**Data excerpts**
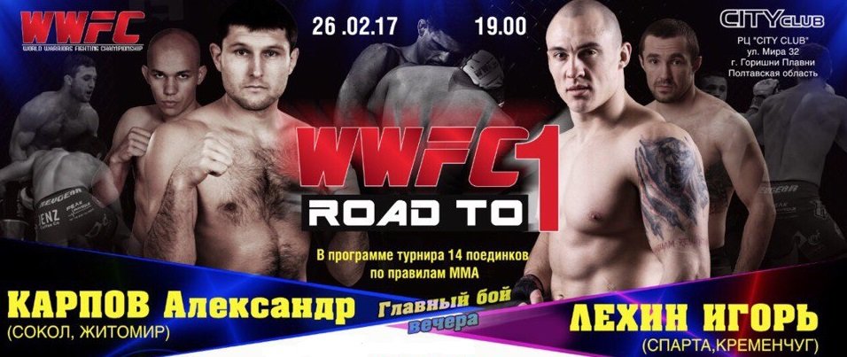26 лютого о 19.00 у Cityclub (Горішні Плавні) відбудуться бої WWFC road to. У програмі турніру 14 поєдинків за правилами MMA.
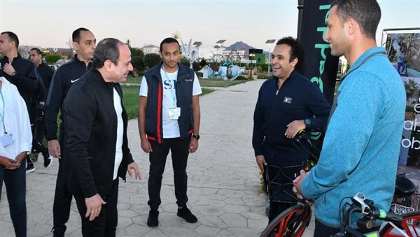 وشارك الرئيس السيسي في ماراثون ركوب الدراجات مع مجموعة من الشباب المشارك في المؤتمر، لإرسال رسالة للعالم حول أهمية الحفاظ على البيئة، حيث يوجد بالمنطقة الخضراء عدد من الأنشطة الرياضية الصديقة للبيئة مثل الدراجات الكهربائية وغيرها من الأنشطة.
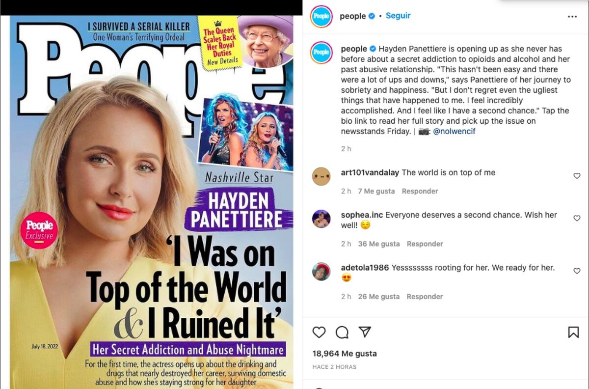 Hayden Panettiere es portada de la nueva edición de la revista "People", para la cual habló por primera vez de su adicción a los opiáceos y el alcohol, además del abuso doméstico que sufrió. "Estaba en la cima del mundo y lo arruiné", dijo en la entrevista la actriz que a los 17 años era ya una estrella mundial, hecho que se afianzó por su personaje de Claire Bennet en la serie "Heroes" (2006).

--

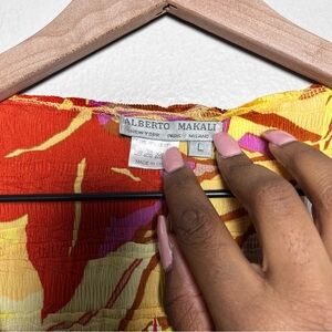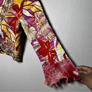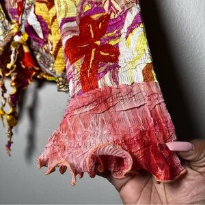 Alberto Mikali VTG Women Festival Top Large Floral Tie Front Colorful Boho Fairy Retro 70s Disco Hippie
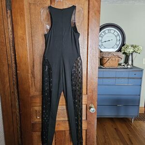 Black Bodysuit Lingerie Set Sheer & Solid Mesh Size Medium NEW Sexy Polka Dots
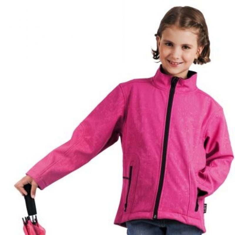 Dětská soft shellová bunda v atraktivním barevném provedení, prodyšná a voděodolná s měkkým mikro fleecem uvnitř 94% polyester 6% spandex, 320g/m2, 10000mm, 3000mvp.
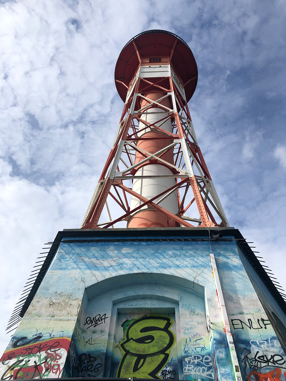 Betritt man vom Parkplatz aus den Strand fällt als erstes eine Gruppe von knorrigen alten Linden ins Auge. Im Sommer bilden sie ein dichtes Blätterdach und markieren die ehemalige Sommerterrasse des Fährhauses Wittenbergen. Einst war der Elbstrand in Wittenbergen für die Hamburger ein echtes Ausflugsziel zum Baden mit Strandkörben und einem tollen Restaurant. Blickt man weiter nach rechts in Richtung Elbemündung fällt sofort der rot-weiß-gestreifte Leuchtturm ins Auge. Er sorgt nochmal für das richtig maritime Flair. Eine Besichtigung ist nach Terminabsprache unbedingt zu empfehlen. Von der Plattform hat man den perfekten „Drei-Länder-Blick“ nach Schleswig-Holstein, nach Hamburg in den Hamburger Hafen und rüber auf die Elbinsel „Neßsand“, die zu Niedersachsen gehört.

**Task to carry out**
Could the stretch from the line with "وشارك الرئيس السيسي" through the line with "Hayden Panettiere es" in the listing above be restated word for word, minus the pictures?

**Solution to this exercise**
 وشارك الرئيس السيسي في ماراثون ركوب الدراجات مع مجموعة من الشباب المشارك في المؤتمر، لإرسال رسالة للعالم حول أهمية الحفاظ على البيئة، حيث يوجد بالمنطقة الخضراء عدد من الأنشطة الرياضية الصديقة للبيئة مثل الدراجات الكهربائية وغيرها من الأنشطة.
 Hayden Panettiere es portada de la nueva edición de la revista "People", para la cual habló por primera vez de su adicción a los opiáceos y el alcohol, además del abuso doméstico que sufrió. "Estaba en la cima del mundo y lo arruiné", dijo en la entrevista la actriz que a los 17 años era ya una estrella mundial, hecho que se afianzó por su personaje de Claire Bennet en la serie "Heroes" (2006).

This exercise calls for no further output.